■ What you will do
Could you restate, exactly and with nothing added, the lines from the start of the data through the line that holds "圣罗兰-Niki黑标 Log", leaving the pictures out?

■ Recorded information
==============================

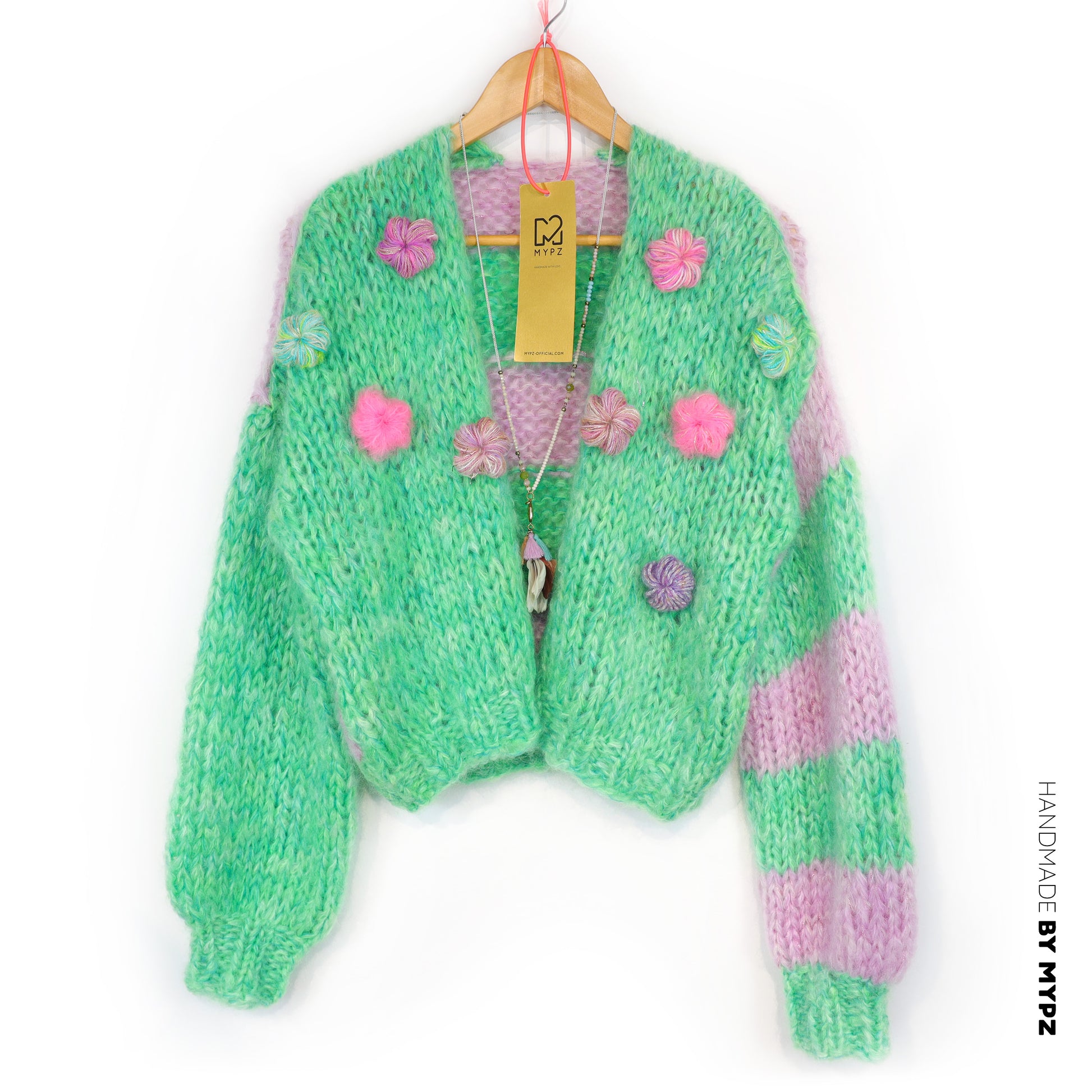 This is a handmade knit made by MYPZ in The Netherlands. Each cardigan or sweater is a unique piece and we take a lot of time and care to create these beautiful products. This beautiful sweater is made of a high quality mohair and does not pill. It is very light, warm and comfortable. These brushed yarns may shed a little but after a while, this will subside.
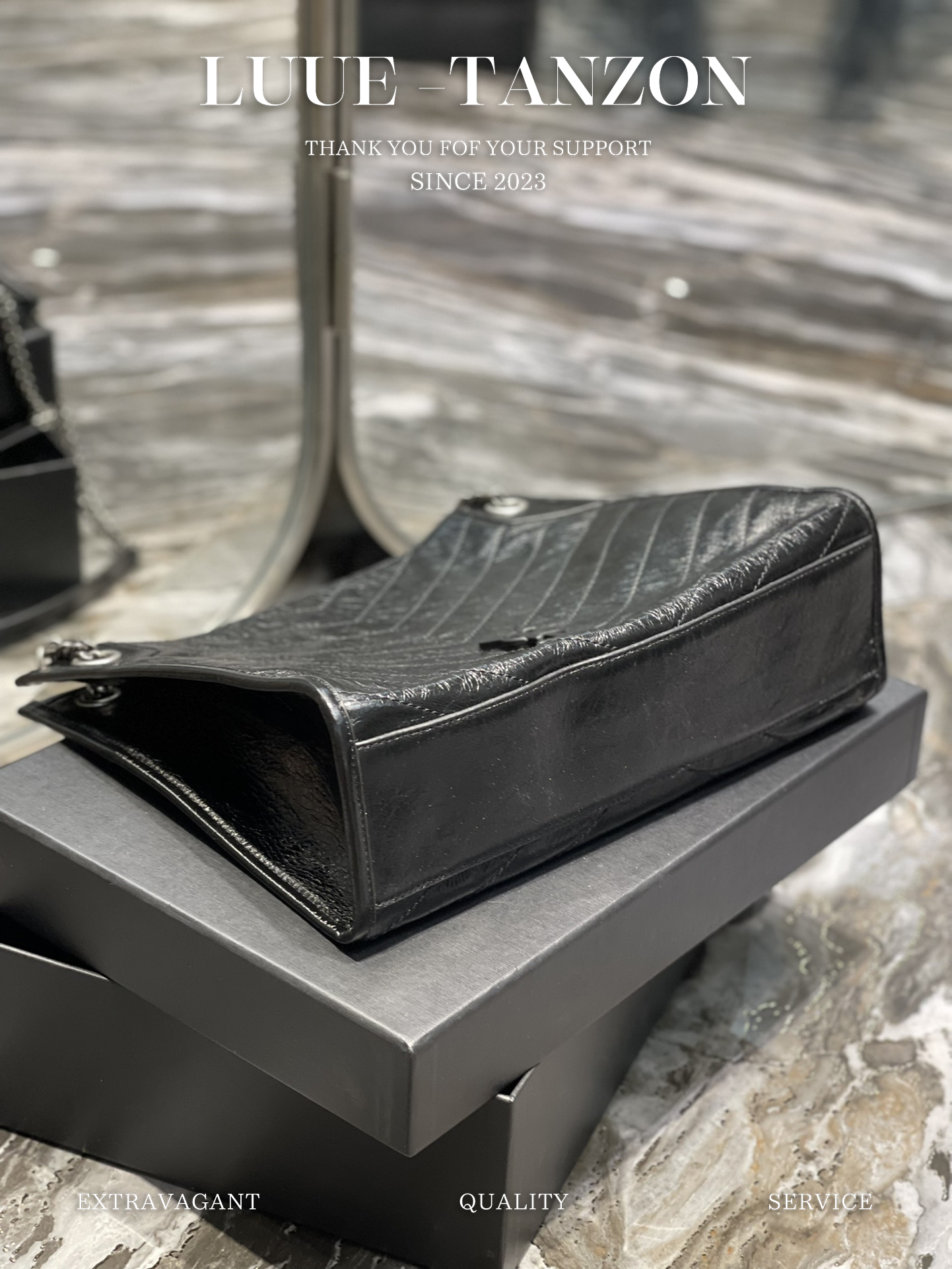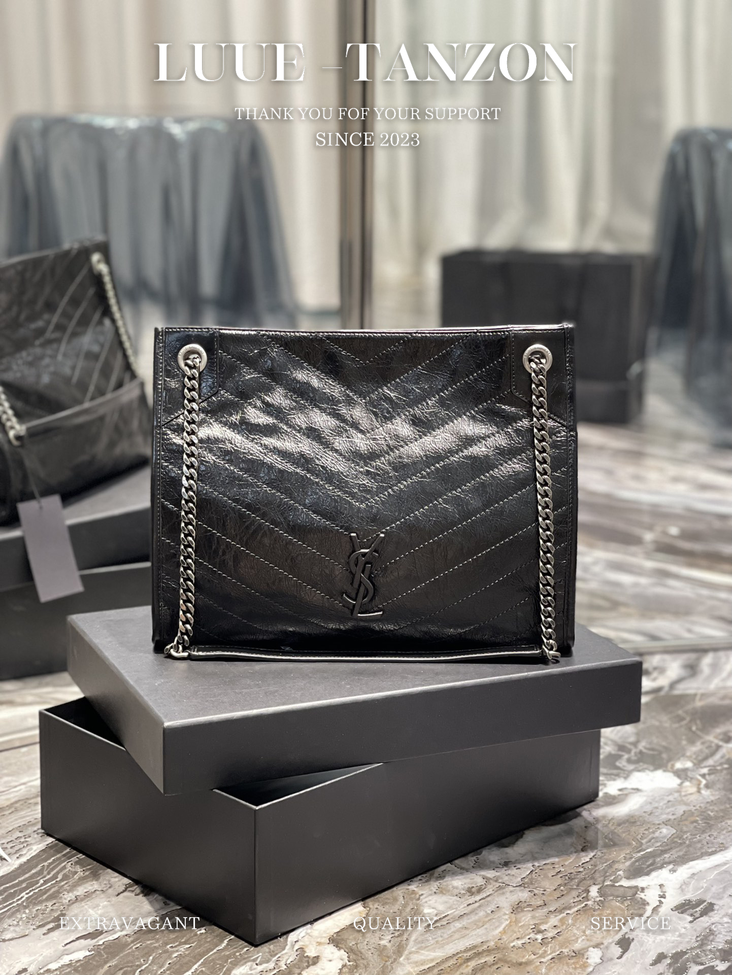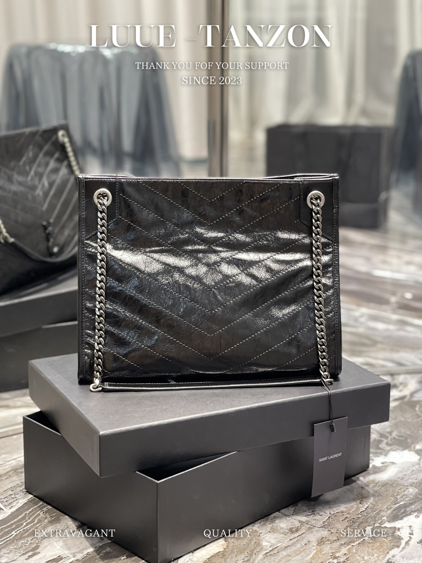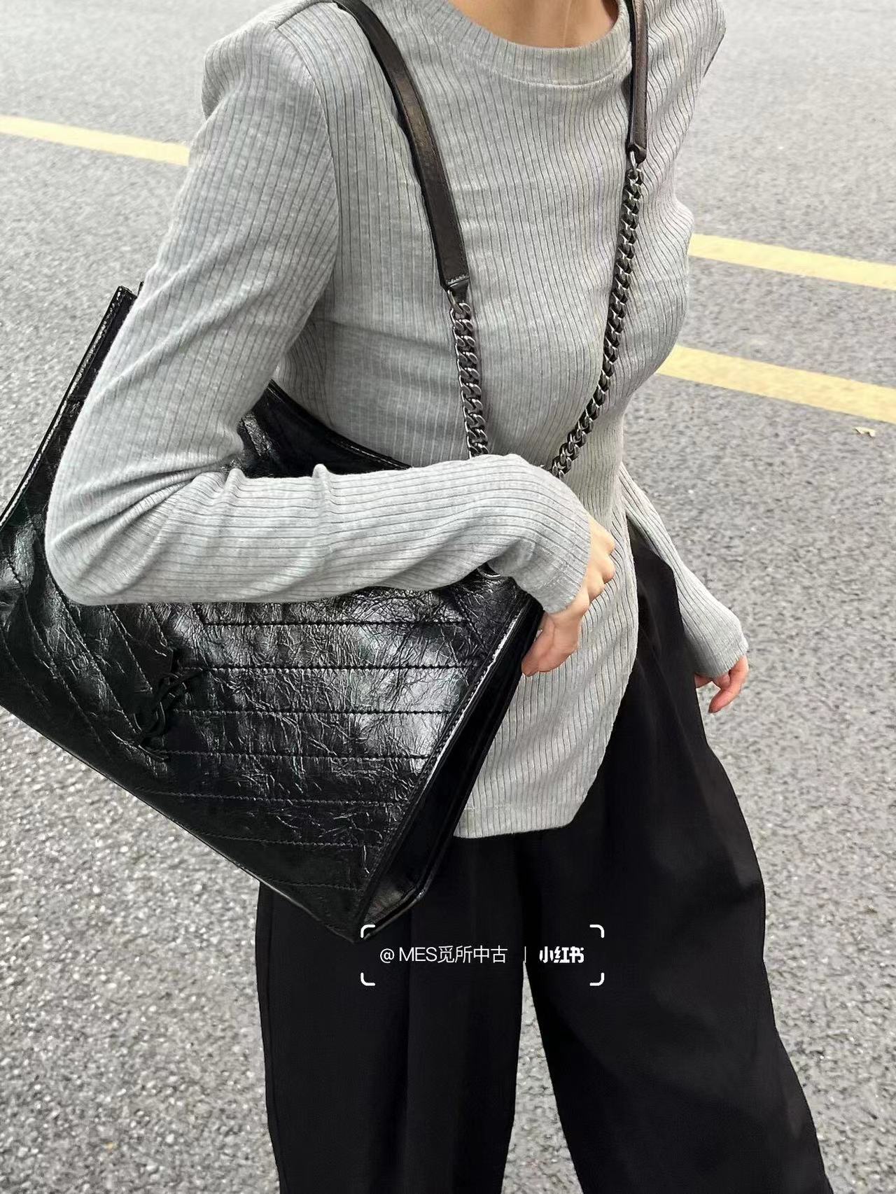 圣罗兰-Niki黑标 Logo复古褶皱皮革大容量托特包购物袋链条单肩手提包中号女款黑色百搭通勤推荐(LZ)
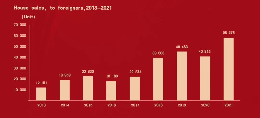 自2013年以来,外国人在土耳其购置房产的数量持续上升。2021年外国人在土耳其购置房产的数量对比2020年增长43.5%,达58,576套,占土耳其房产总成交量的3.9%。由此可见,土耳其本地房产市场非常活跃,海外房产市场潜力无限。

==============================

■ Answer to this problem
 This is a handmade knit made by MYPZ in The Netherlands. Each cardigan or sweater is a unique piece and we take a lot of time and care to create these beautiful products. This beautiful sweater is made of a high quality mohair and does not pill. It is very light, warm and comfortable. These brushed yarns may shed a little but after a while, this will subside.
 圣罗兰-Niki黑标 Logo复古褶皱皮革大容量托特包购物袋链条单肩手提包中号女款黑色百搭通勤推荐(LZ)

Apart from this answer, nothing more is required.